======== Input
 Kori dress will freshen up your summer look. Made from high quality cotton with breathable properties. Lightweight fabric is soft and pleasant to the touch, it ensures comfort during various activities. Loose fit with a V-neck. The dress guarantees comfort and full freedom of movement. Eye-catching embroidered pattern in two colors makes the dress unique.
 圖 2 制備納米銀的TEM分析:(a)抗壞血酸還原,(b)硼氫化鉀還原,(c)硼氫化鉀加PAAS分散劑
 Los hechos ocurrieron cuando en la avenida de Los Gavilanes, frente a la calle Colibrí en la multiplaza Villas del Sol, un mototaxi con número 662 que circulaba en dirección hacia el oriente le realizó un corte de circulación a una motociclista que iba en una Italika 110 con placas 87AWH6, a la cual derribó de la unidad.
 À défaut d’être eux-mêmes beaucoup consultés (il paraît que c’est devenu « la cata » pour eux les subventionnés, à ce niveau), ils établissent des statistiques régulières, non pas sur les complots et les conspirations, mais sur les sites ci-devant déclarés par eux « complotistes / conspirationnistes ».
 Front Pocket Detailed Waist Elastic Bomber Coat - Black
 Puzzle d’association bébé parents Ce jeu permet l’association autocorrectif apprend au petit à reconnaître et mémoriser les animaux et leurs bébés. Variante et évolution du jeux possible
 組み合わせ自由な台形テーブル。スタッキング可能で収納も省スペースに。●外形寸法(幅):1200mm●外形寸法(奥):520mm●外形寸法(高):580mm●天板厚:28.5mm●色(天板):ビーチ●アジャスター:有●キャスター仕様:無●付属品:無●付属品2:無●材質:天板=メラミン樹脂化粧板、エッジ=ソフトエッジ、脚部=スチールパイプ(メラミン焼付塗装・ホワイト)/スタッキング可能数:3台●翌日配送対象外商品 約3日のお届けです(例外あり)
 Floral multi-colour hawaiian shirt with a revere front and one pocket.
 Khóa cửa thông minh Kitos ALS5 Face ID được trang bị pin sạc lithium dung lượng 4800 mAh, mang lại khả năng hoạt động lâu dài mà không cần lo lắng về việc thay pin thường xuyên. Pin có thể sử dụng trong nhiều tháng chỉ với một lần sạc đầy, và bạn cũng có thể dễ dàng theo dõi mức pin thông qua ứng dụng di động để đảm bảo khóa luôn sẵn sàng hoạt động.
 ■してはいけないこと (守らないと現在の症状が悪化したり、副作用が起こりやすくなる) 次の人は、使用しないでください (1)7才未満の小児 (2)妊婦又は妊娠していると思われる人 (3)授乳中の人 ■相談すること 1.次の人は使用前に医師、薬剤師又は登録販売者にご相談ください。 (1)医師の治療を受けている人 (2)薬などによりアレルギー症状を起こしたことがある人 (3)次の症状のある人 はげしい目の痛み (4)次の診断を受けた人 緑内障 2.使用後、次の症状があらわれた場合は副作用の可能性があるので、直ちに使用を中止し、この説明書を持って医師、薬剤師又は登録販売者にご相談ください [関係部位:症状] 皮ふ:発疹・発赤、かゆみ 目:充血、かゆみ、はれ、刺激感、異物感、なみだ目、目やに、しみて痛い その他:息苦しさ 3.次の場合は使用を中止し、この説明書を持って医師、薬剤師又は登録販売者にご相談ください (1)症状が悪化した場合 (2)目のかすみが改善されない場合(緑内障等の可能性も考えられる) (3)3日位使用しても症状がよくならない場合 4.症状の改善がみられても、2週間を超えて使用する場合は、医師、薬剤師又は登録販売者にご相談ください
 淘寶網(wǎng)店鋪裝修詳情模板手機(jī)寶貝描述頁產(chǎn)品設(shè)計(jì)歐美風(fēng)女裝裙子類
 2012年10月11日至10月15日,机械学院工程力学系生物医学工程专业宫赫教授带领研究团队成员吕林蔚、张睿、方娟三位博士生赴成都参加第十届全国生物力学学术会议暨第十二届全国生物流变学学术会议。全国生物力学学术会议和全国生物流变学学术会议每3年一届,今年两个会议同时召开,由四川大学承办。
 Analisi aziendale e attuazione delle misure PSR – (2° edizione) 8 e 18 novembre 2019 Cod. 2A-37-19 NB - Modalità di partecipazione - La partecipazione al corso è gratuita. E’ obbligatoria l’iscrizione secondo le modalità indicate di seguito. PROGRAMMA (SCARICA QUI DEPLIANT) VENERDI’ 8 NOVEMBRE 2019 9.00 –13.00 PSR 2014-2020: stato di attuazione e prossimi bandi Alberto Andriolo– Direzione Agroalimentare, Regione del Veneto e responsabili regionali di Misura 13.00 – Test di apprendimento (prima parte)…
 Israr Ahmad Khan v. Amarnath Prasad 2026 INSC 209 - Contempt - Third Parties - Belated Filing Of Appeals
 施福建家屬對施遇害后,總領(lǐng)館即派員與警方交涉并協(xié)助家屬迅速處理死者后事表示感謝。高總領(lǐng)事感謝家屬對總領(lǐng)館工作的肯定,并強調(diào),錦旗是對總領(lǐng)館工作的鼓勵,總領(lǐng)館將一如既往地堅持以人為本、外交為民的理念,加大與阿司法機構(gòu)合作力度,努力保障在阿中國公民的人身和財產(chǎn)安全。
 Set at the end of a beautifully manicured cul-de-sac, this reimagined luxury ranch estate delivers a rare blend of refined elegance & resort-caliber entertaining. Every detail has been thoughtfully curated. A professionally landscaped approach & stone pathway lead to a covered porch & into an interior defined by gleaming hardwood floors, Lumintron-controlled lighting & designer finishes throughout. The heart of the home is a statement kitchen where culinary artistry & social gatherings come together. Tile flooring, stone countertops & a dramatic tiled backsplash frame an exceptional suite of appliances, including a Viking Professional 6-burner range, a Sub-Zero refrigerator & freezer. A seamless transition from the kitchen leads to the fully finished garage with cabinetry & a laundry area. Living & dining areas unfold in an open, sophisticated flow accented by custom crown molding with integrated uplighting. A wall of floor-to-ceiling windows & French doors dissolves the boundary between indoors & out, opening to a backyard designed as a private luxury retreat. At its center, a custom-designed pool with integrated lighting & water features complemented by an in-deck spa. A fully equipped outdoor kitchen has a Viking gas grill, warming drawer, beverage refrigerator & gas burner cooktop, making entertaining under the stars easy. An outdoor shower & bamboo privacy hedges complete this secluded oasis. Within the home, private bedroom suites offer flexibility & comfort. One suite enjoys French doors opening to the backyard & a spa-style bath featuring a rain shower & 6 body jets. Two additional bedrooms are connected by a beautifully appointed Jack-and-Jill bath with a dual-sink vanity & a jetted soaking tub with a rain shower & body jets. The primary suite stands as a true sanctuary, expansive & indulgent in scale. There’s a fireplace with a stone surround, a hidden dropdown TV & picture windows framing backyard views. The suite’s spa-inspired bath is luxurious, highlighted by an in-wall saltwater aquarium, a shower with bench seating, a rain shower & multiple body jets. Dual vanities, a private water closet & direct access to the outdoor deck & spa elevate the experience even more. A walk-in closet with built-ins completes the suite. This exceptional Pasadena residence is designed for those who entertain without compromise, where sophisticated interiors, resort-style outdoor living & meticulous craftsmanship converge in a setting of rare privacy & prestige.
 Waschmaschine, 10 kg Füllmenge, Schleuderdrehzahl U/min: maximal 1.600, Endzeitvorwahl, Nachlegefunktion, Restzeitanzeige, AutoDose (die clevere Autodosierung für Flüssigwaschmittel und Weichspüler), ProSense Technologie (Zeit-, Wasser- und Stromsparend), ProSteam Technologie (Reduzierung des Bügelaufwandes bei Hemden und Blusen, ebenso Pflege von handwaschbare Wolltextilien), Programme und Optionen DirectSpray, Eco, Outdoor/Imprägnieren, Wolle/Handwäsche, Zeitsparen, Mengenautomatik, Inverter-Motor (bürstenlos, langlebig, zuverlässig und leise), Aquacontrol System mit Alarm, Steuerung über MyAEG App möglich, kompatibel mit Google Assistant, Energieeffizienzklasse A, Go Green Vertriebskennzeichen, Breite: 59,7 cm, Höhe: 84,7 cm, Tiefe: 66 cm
================
What to do =>
Begin with the line above that has "淘寶網(wǎng)店鋪裝修詳" and continue through the line that has "2012年10月11日至10", setting each one down exactly. Stop there.

Solution to this task =>
 淘寶網(wǎng)店鋪裝修詳情模板手機(jī)寶貝描述頁產(chǎn)品設(shè)計(jì)歐美風(fēng)女裝裙子類
 2012年10月11日至10月15日,机械学院工程力学系生物医学工程专业宫赫教授带领研究团队成员吕林蔚、张睿、方娟三位博士生赴成都参加第十届全国生物力学学术会议暨第十二届全国生物流变学学术会议。全国生物力学学术会议和全国生物流变学学术会议每3年一届,今年两个会议同时召开,由四川大学承办。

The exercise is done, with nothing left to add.